James is studying me like this is either the weirdest or most intriguing first conversation he’s ever had. My money’s on the for
mer.
But he’s sticking around instead of wandering off where his brothers have clustered near a buffet table, so I keep going.
“That woman over there.” I nod toward a grandmotherly sort with a salt-and-pepper perm and a glass of seltzer water in her hand. Mrs. Angela Percy, retired teacher and the town’s biggest busybody. “If you didn’t take time to watch her, you’d go with something obvious like Floyd for the boyfriend and parachute granny panties. But you see the way she’s checking out Brandon Brown’s ass?”
James gives his trademark curt nod. “Certainly.”
“Oh, look—she’s going in for the pinch.”
James winces. “I happen to know she spent months pestering Bree’s fiancé to disrobe for a charity calendar.”
“Exactly.
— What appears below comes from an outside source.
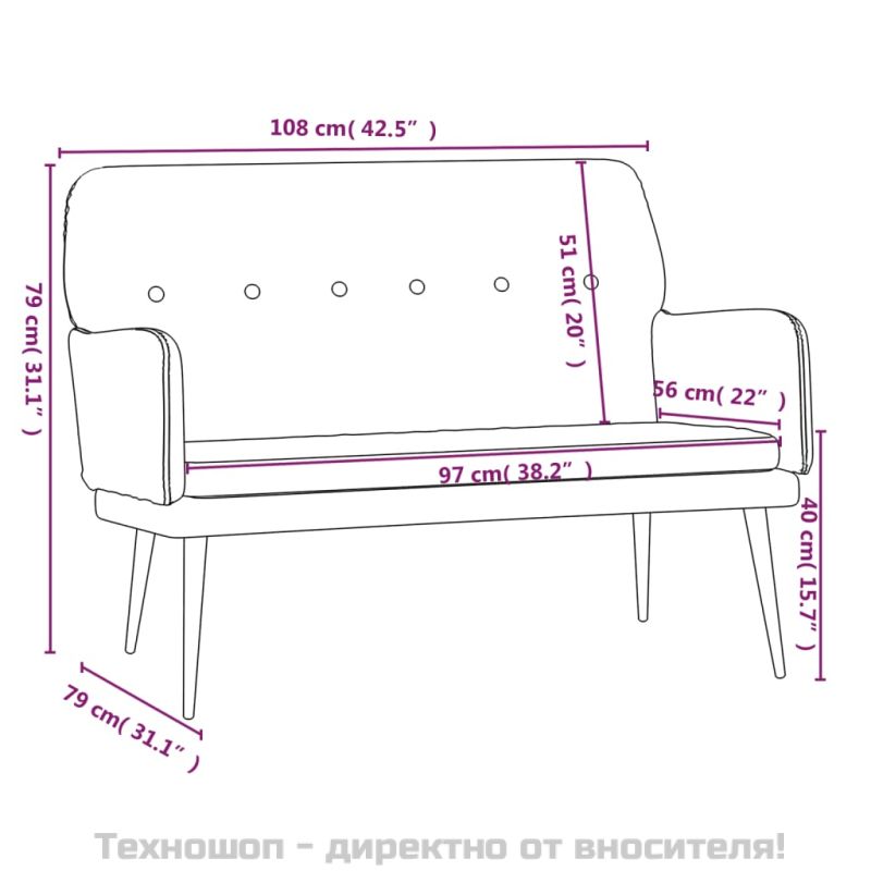 Тази пейка е отлично място за вашето време за разговори, четене, гледане на телевизия или просто за почивка. Тя е предназначена да бъде фокусна точка във вашия дом. Меко кадифе: Кадифето е мека и луксозна материя, която се отличава с гъста купчина равномерно отрязани влакна за гладка повърхност. Кадифената тъкан се отличава с меко усещане, което я прави приятна на допир.Удобно изживяване на седалката: Седалката, включваща тапицирана наклонена облегалка и дълбока седалка, е идеална за освобождаване на натрупаното напрежение и умора. Освен това дебело подплатената седалка и подлакътниците са много удобни.Здрава и стабилна рамка: Седалката на пейката се поддържа от метална рамка, което я прави здрава и стабилна. Забележка:Всеки продукт се доставя с ръководство за сглобяване в кашона за лесно сглобяване.

She’s a badass.” I’d like to be her when I grow up.
I sip my drink again as James signals a roving bartender for another. Mine’s not even half gone, but his is empty. I file that away in my brain, wondering if there’s a reason he’s hitting the sauce hard.
“So, the older woman,” I continue. “Mrs. Percy. You’re going with Rafael or Javier for the boyfriend and maybe a red lace thong?”
He frowns. “Is it appropriate to speculate about the undergarments of senior citizens?”
Before I can answer, Mrs. Percy turns and flashes a salacious smile at me. She makes a gesture I think is the universal sign for blowjob, or maybe she’s choking.